MATLAB - Pass columns of a matrix given by a matrix of indices
Given the matrix X, I want to set the k smallest elements of each column to zero. For vector x, do the following:
[~, ind] = sort(x)
x(ind(1:k)) = 0
Now for matrix X this doesn't work:
[~, ind] = sort(x)
x(ind(1:k)) = 0
Just sets the smallest element k of the first column to 0. How do I index it correctly?
source to share
Solution code: One approach with sort
(to get column-sorted indexes) and then bsxfun
(to get linear sorted indexes) -
%// Get 2D array of column-sorted indices for input X
[~,sorted_idx] = sort(X,1)
%// Get linear indices for the first k rows of sorted indices
lin_idx = bsxfun(@plus,sorted_idx(1:k,:),[0:size(X,2)-1]*size(X,1))

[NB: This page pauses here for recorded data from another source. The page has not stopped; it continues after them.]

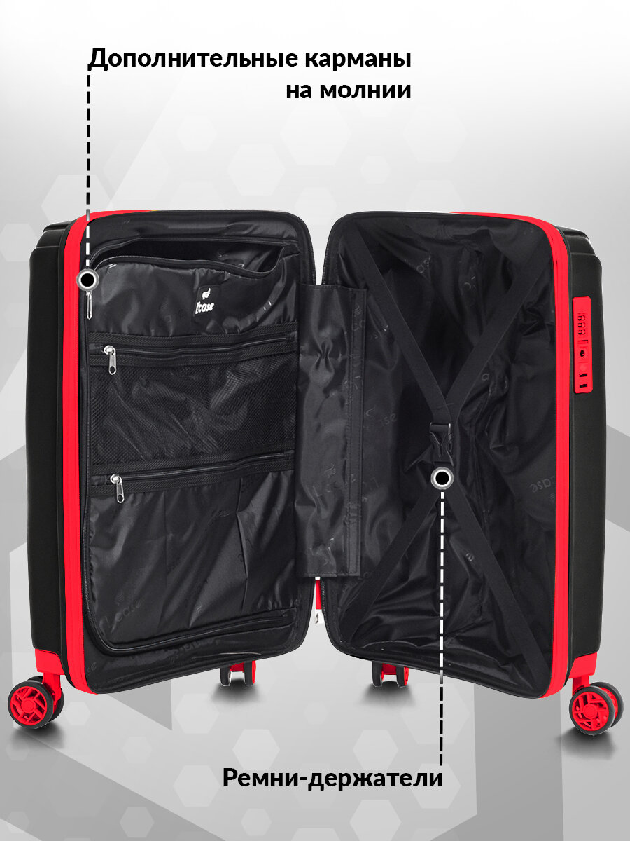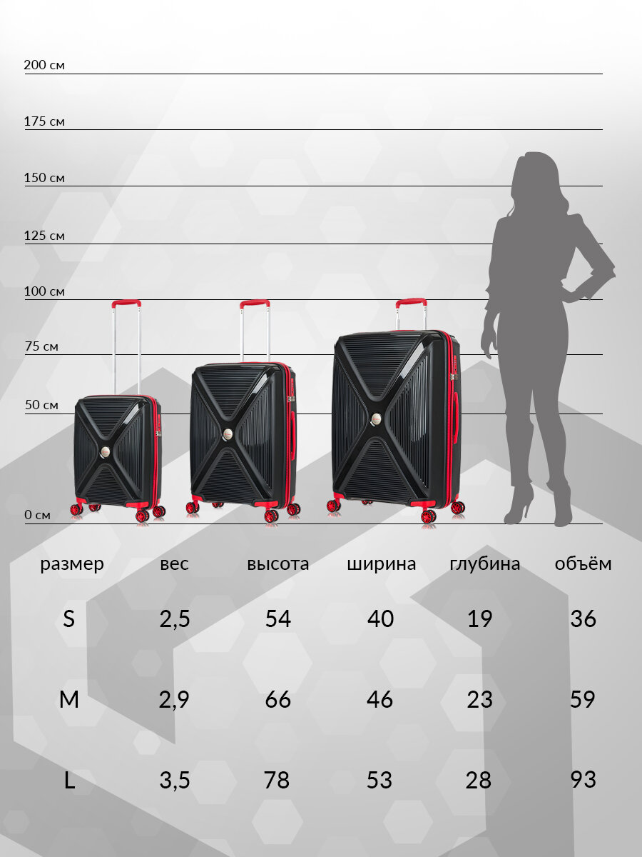 Чемодан на колесах M средний, черный - Чемодан полипропилен, семейный Lcase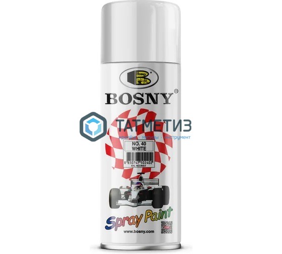 Краска аэроз. BOSNY 520 мл. №040 БЕЛАЯ глянцевая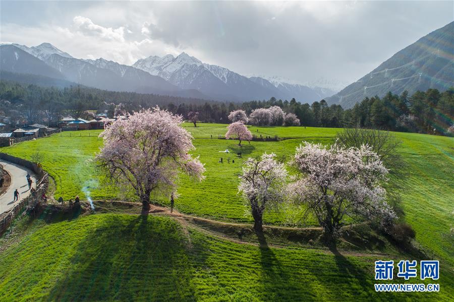 西藏林芝波密縣境內(nèi)桃花盛開的田園風(fēng)光(4月5日無人機(jī)拍攝)。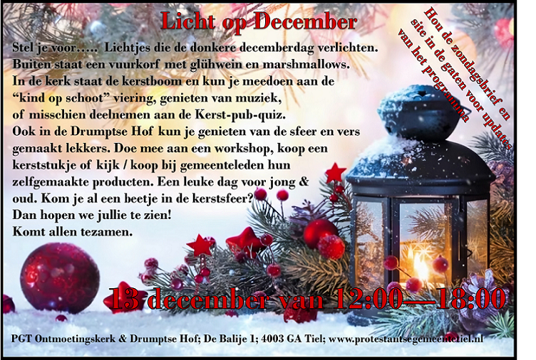 ![]() Het duurt nog even voor het zo ver is, maar de organisatie is begonnen, dus... Op zaterdag 13 december 2025 van 12:00-18:00 uur organiseren we in de Ontmoetingskerk en Drumptsehof, alweer de 3e editie van "Licht op December". Een gezellig evenement met workshops, muziek, catering en kraampjes. Voor deze dag zijn we op zoek naar mensen die het leuk vinden om eigen creaties te verkopen/tonen of een leuke workshop te geven. Ook als je het leuk vindt om muziek of ander talent met ons te delen, ben je welkom dit deze dag in de Ontmoetingskerk ten gehore / tonele te brengen. | ||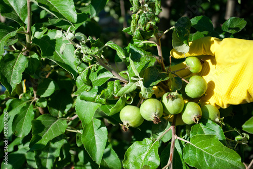 Green unripe small fruits apples on a tree, in the hands dressed in yellow rubber gloves, on the background of green grass lawn harvesting on a sunny day spring vacation beauty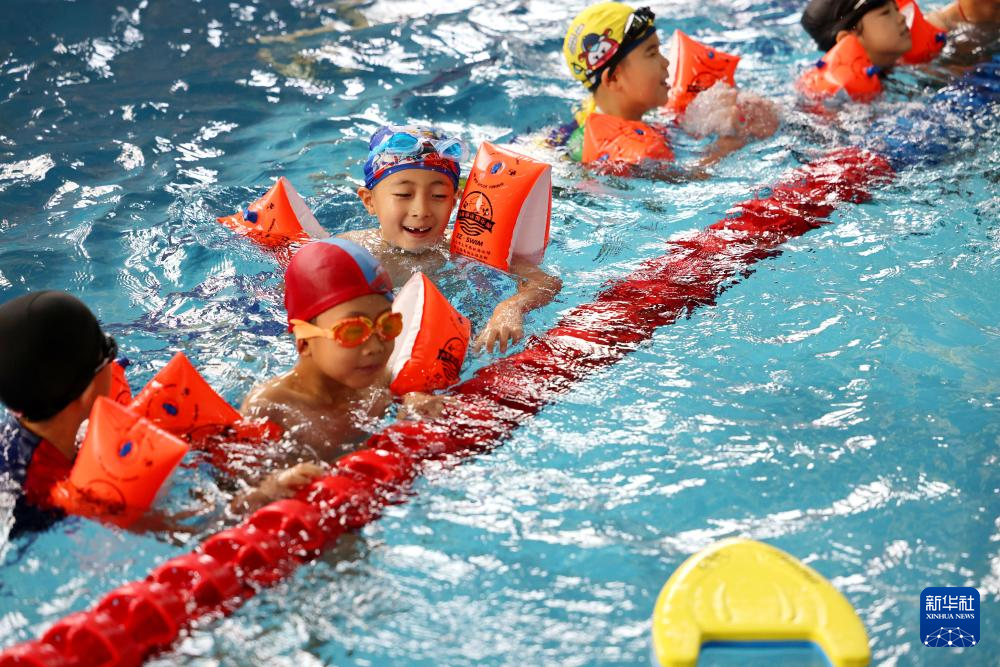 7月14日,孩子们在山东省枣庄市一家游泳馆学习游泳。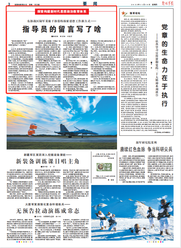这些天,东部战区陆军某旅运输连指导员张炜在战士们的教育笔记本上的留言,让大家津津乐道。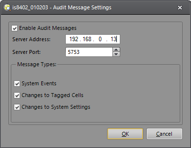 Server Port: Specifies the TCP/IP port of the audit message server. (Default = 5753)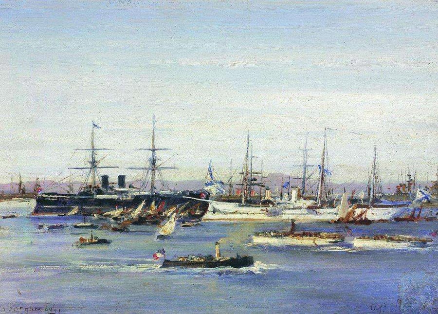 Боголюбов Алексей Петрович. “Фрегат Александр Невский и другие корабли под командованием контр-адмирала Лесовского на пути в Америку во время войны1863–1865 гг.“ (1863 г.).*.jpg, 900×645, 168 Kb
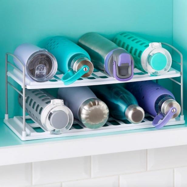 Water bottles fall over way too easily. Skip the messy cabinets, and store your bottles on their sides, so you can grab one without knocking others over. You could also use this clever YouCopia bottle stand to corral sippy cups — just put it on a lower shelf where your little one can reach it.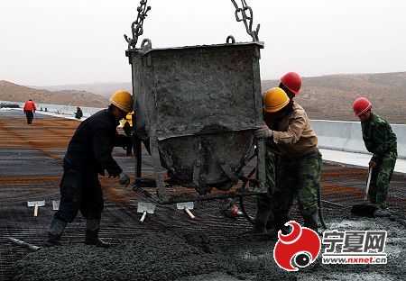 昨天,橋梁工人在鹽中高速公路雙陰溝大橋上緊張地進行水泥混凝土澆筑。雙陰溝大橋地處中寧縣恩和鄉境內,大橋長546米,最高橋墩達到21米以上,是鹽中高速公路上跨度最大、高度最高的工程之一。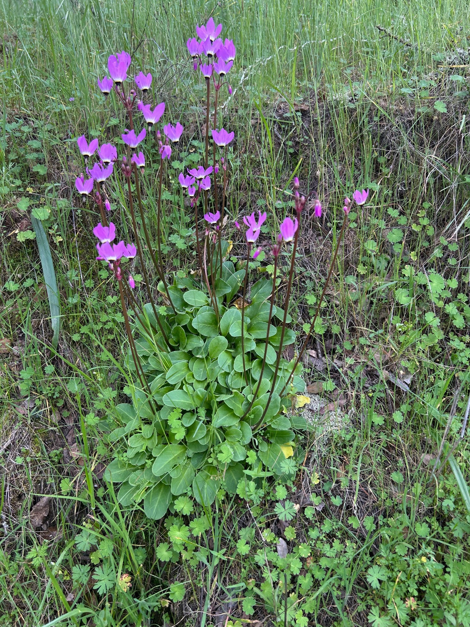 Henderson’s shooting stars (Primula hendersonii) now blooming all over shaded sections of the property.
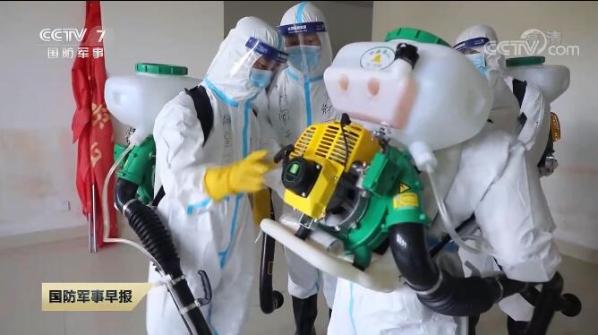 火箭军某部部队医院护士 黎敏: 最高楼层有19层,战士们从二楼装上消毒液,然后徒步走到19楼进行消杀。医院的疫情现在基本已经稳定住了,现在主要是消杀病毒。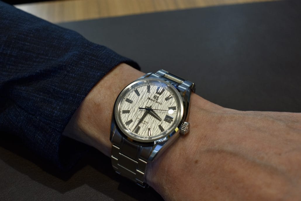 グランドセイコーを中心にシンプルでエレガントなモデルをいくつかご試着いただき、白樺ダイヤルのメカニカルをお求めいただきました。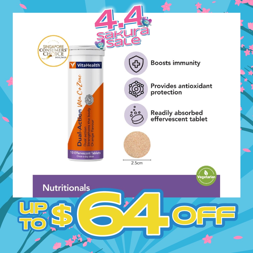 VITAHEALTH Dual-Action Vita C + Zinc Efferverscent Tablet Orange (Dual Action + Boost Immunity) 10s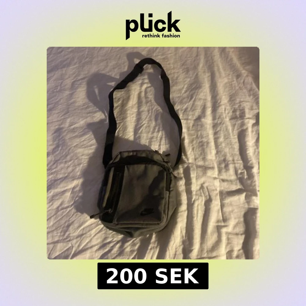 Snygg och praktisk grå axelväska från Nike med justerbar rem. Väskan har flera fack med dragkedja för enkel organisering och en stilren design med Nike-logga på framsidan.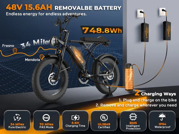 Delivering 70-mile PAS range (34-mile electric), this UL2849-certified battery features IP54 waterproofing and intelligent BMS protection. Fully charges in 5-6 hours for worry-free adventures across all terrains.

%// Use those indices to set them in X as zeros
X(lin_idx) = 0;
Run example
1) Inputs:
X =
61 67 86 54 49 40 13
48 91 28 70 34 98 87
79 7 27 86 71 58 52
16 10 45 60 79 4 3
56 36 49 50 31 48 87
k =
3
2) Sorted indexes:
>> [~,sorted_idx] = sort(X,1)
sorted_idx =
2 3 2 1 1 1 1
4 4 3 4 2 4 3
5 5 4 5 5 5 4
1 1 5 2 3 3 2
3 2 1 3 4 2 5
3) Select only the first k indices from each column:
>> sorted_idx(1:k,:)
ans =
4 3 3 5 5 4 4
2 4 2 1 2 1 1
5 5 4 4 1 5 3
4) We need to convert these columnar indexes linear indices corresponding to the 2D-array X
. So after indexing the columns used in MATLAB, the first column remains as it is, the second column should have an offset added number of rows in X
, the third column will be added, 2*number of rows in X
and so on until all columns are covered.
To say mathematically, we would have [0 5 10 15 20 25 30]
, i.e. [0:6]*5
, i.e. put as a general case [0:size(X,2)-1]*size(X,1)
added to sorted_idx(1:k,:)
. Since we need to do this for each line sorted_idx(1:k,:)
, we can use automatic decomposition and summation (s @plus
) with bsxfun
. Note that this will be done in vector format. Thus, here the decomposition [0:size(X,2)-1]*size(X,1)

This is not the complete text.